Monday 31 December 2007

Another stone

This stone is taking some moving. I'm still very ambivalent about whether it was justifiable for anyone to make the decision for BLPT not to respond to me regarding my complaint, even in the supposed interests of my mental health.

So many past messages have been triggered by this. There's considerable vulnerability for me around the issue of being ignored. There were rules I learnt very thoroughly in childhood, and did not question for many years. Only in therapy sessions did I unpack that box of rules - and only then could I look at whether it was "right" or "helpful" for certain of those rules to have been taught. The conclusions I came to were that no, it was not helpful that I was not allowed to express my views if they disagreed with those of adults around me. The messages I was given around not expressing my emotions were not healthy ones either. Silence - being ignored - not being responded to - these were all sanctions which taught me these particular rules, and it was agreed in therapy that silence used as a weapon was not helpful in my experience.

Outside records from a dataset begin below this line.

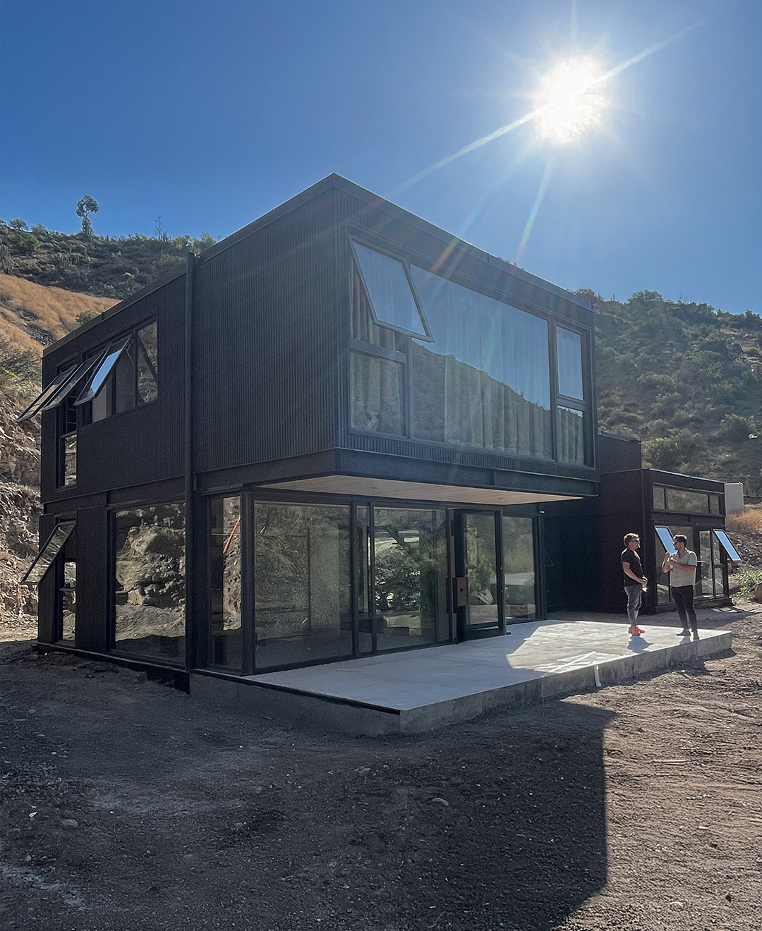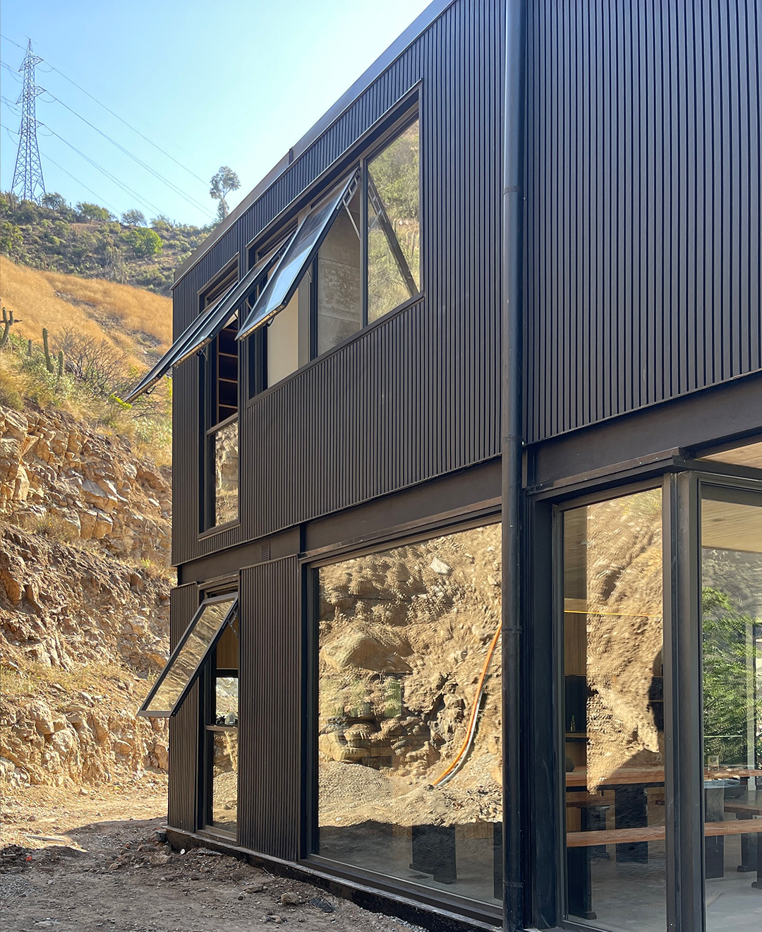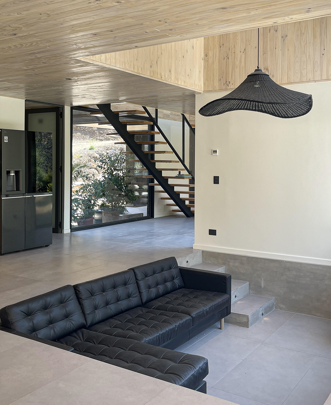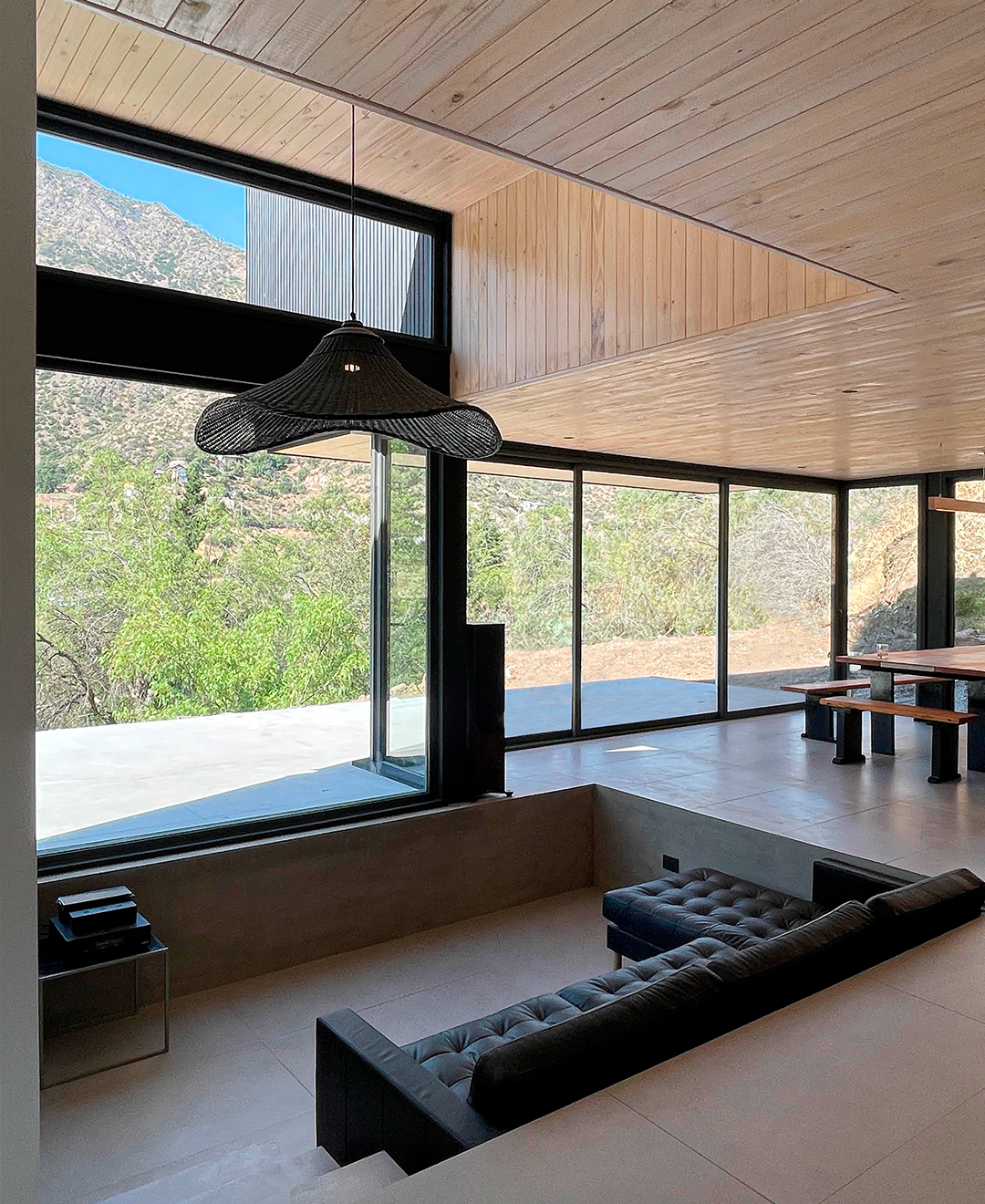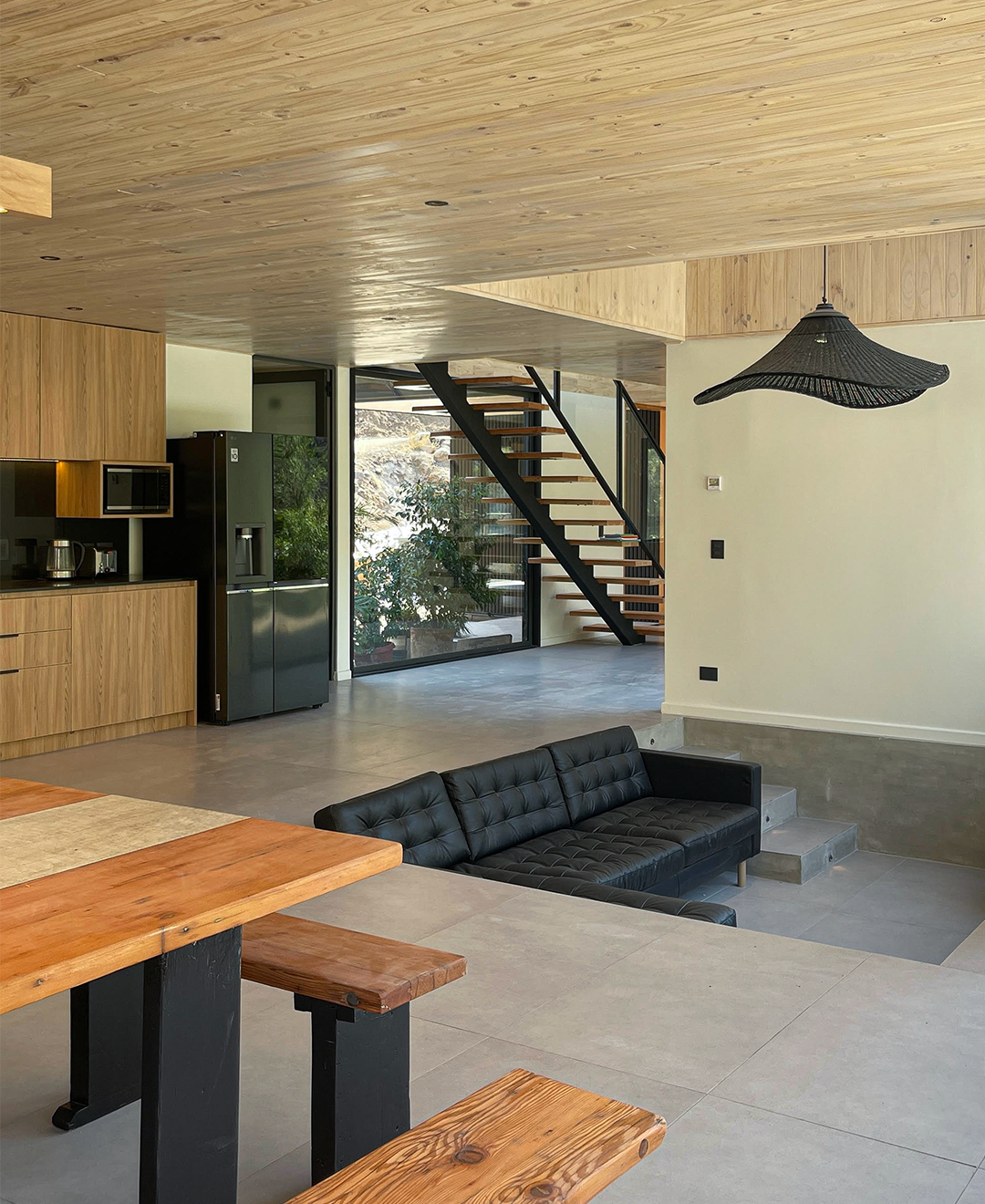 Las grandes ventanas enmarcan las vistas y conectan la vida interior con el entorno, mientras la doble altura y la escalera liviana refuerzan la sensación de amplitud. El resultado es una vivienda de lenguaje contemporáneo, precisa en su composición y pensada para habitar el paisaje de manera directa.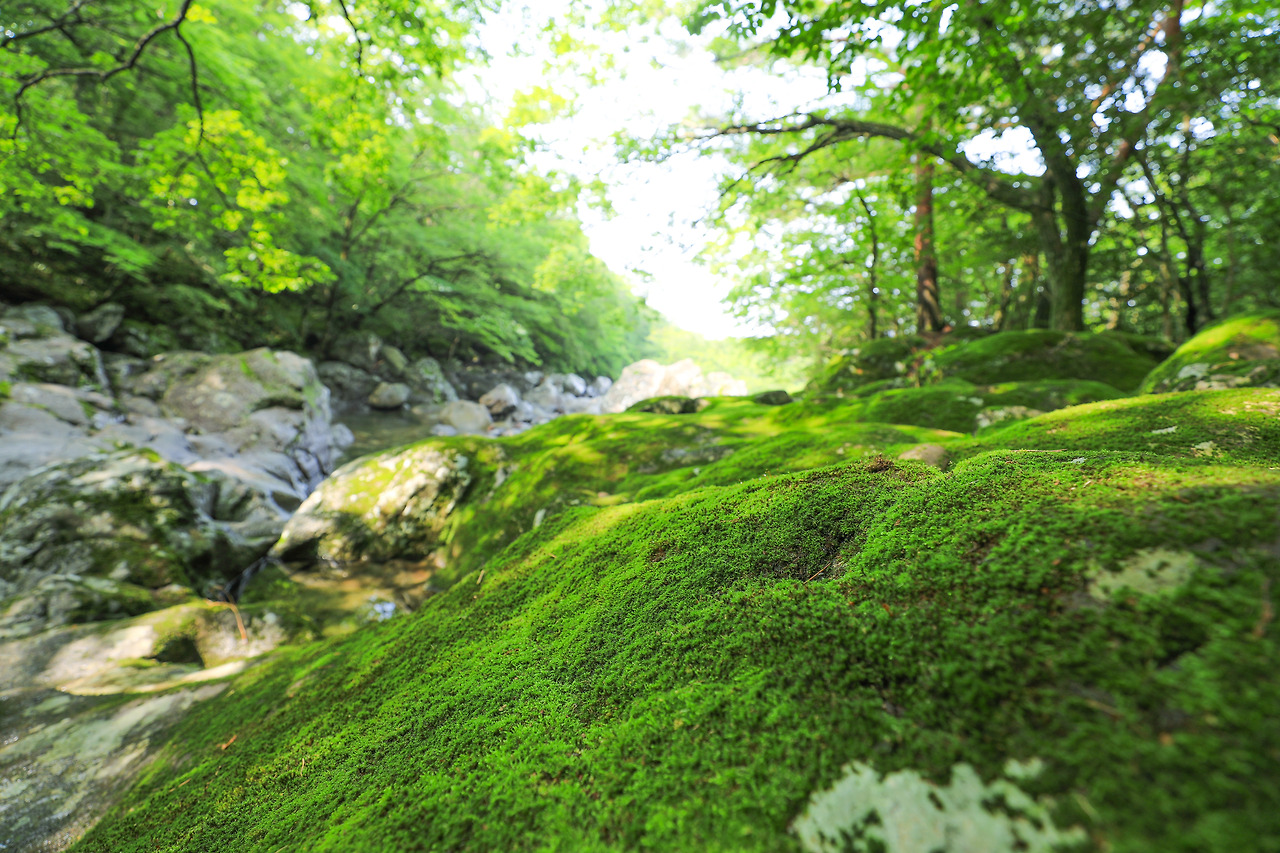 물론 2km가 넘는 하산길에도 사람은 없었고, 조그만 소리에 여전히 놀랐다. 하지만 하늘을 가린 울창함이 없어진 어느 시점부터, 양 옆에 즐비한 고목들이 눈에 들어왔다. 걸음을 늦추다가 멈추고 사진을 찍었다. 여유를 되찾은 채 나무 사이를 걷고 즐겼다. 땀과 습기로 찐득했던 피부도 말랐다.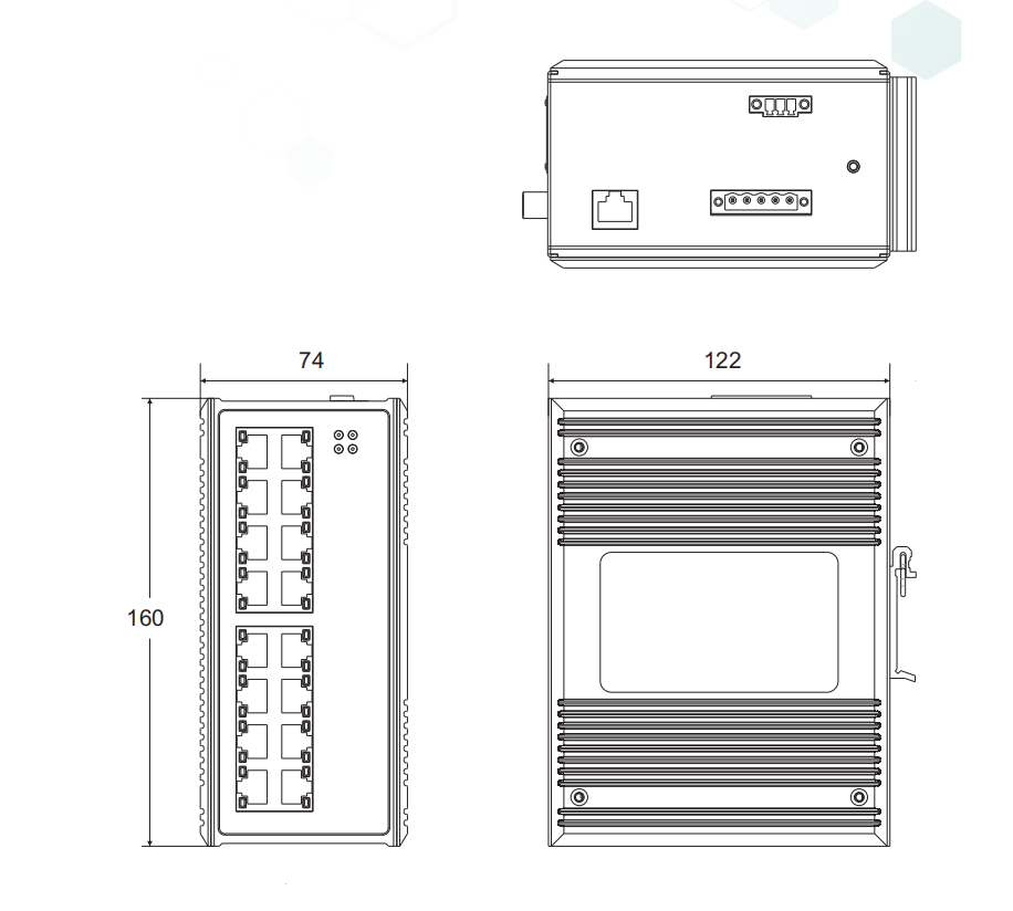 物理尺寸(高×宽×深):160mm×74 mm×122mm 安装方式:标准DIN卡轨式 散热形式:铝合金单肋形机箱表面散热,无风机 机壳防护:IP40 |

So how, then, do I reconcile those messages of therapy with what has happened recently? How do I reconcile my understanding that refusing to allow a child to express their emotions and opinions is not a healthy state, with the actions of an organisation which exists to provide care and yet refuses to acknowledge my opinions and emotions? How do I reconcile the use of silence as a tool being unhealthy in one situation and healthy in another?

Equally, the person who helped me to see that these childhood rules were ones which were not helpful and which could be discarded now was the same person who gave clinical advice to ignore me. I don't know how to reconcile that either. I'm grappling with my fragile belief that I have a right to be heard, while at the same time recognising that others are deciding on my behalf that I should not be acknowledged.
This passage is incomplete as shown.